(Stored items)
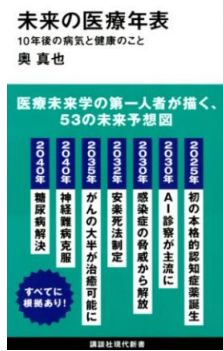
未来の医療年表 10年後の病気と健康のこと 奥 真也 著

新薬、革新的な医療技術や医療機器、先進各国で導入されている先端的な医療の仕組みの数々を紹介。日本人の医療リテラシーの欠如について問題提起し、閉鎖的で自己完結的な日本の医療と「世界標準の医療」を比較する。
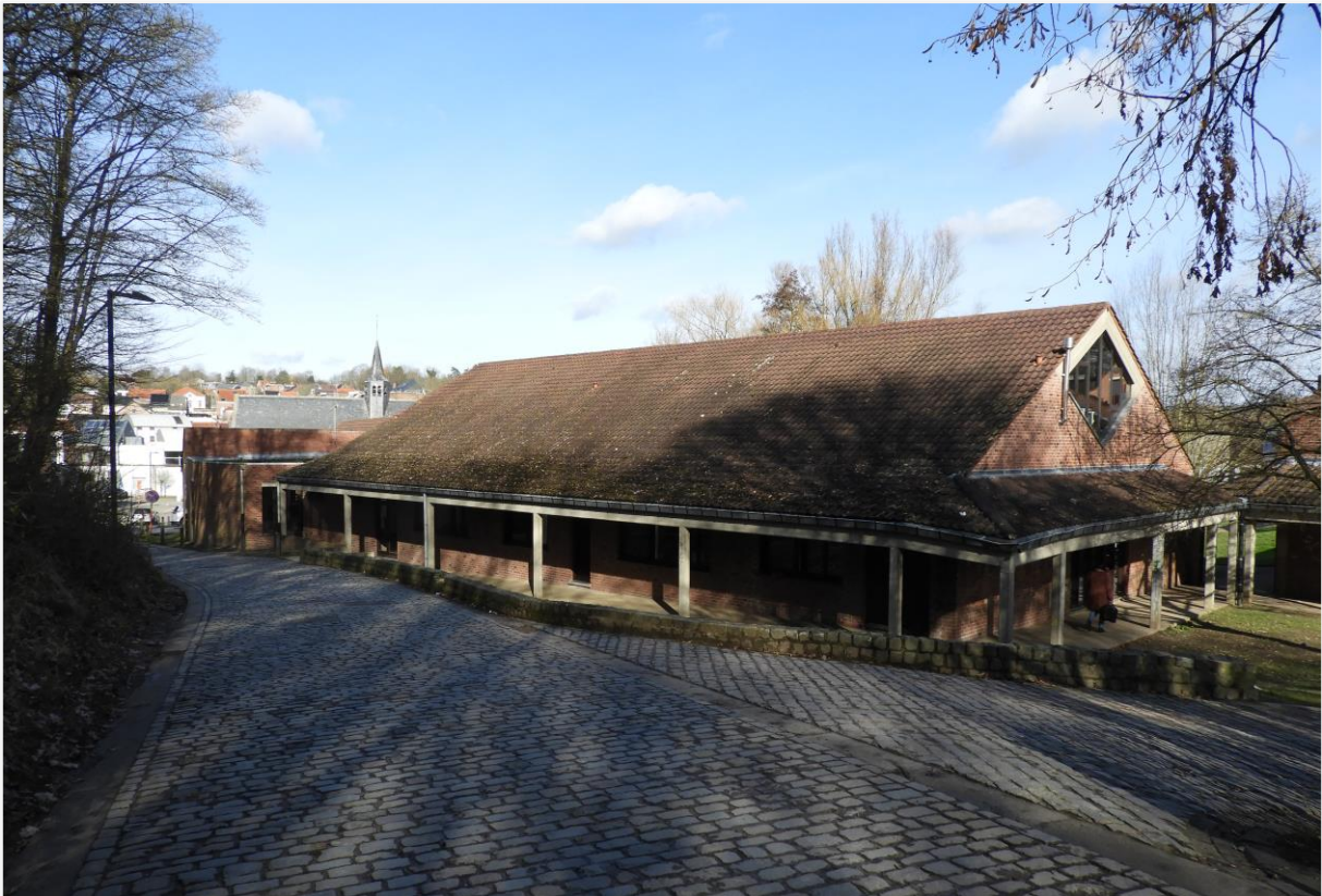
Foto 4: Bibliotheek van Overijse, in 1984 gebouwd in het beschermd landschap 'Begijnhofkapel en omgeving'
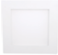
90 Blanco Técnico / Technical White / Blanc Technique
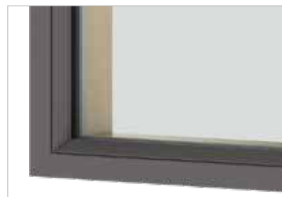
➤ Indvendig glasliste som indbygget sikkerhed
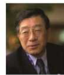
現職：東京医科大学名誉教授、国際医療福祉大学大学院主任教授、新座志木中央総合病院名誉院長

3/23付で東京世田谷中央ロータリークラブより下記案内が届きましたので、ご連絡いたします。
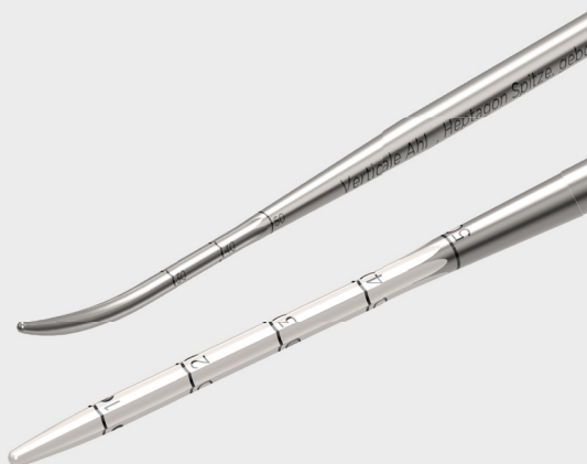
Abb. 2 Heptagon Spitzen der Ahle, gebogen und gerade
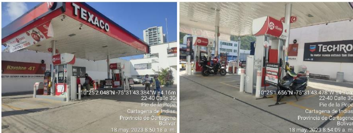
Figura 3. Islas y Surtidores de distribución de combustibles - EDS NUESTRA SEÑORA VIRGEN DE LA CANDELARIA

De acuerdo con la información recolectada en campo, la EDS dispone de un sistema de contención de derrames, extintores y un sistema para la suspensión instantánea del suministro o bombeo de combustible en caso de una emergencia. La EDS tiene pozos de monitoreo para la verificación del buen estado de los tanques de almacenamiento, tuberías de combustibles, losas de piso, trampas de oleaginosas y contenedores de derrame.

• What needs to be done: Since pictures are not part of the copy, set down only the remaining data exactly.

• Solution to the exercise:
未来の医療年表 10年後の病気と健康のこと 奥 真也 著

新薬、革新的な医療技術や医療機器、先進各国で導入されている先端的な医療の仕組みの数々を紹介。日本人の医療リテラシーの欠如について問題提起し、閉鎖的で自己完結的な日本の医療と「世界標準の医療」を比較する。
Foto 4: Bibliotheek van Overijse, in 1984 gebouwd in het beschermd landschap 'Begijnhofkapel en omgeving'
90 Blanco Técnico / Technical White / Blanc Technique
➤ Indvendig glasliste som indbygget sikkerhed
現職：東京医科大学名誉教授、国際医療福祉大学大学院主任教授、新座志木中央総合病院名誉院長

3/23付で東京世田谷中央ロータリークラブより下記案内が届きましたので、ご連絡いたします。
Abb. 2 Heptagon Spitzen der Ahle, gebogen und gerade
Figura 3. Islas y Surtidores de distribución de combustibles - EDS NUESTRA SEÑORA VIRGEN DE LA CANDELARIA

De acuerdo con la información recolectada en campo, la EDS dispone de un sistema de contención de derrames, extintores y un sistema para la suspensión instantánea del suministro o bombeo de combustible en caso de una emergencia. La EDS tiene pozos de monitoreo para la verificación del buen estado de los tanques de almacenamiento, tuberías de combustibles, losas de piso, trampas de oleaginosas y contenedores de derrame.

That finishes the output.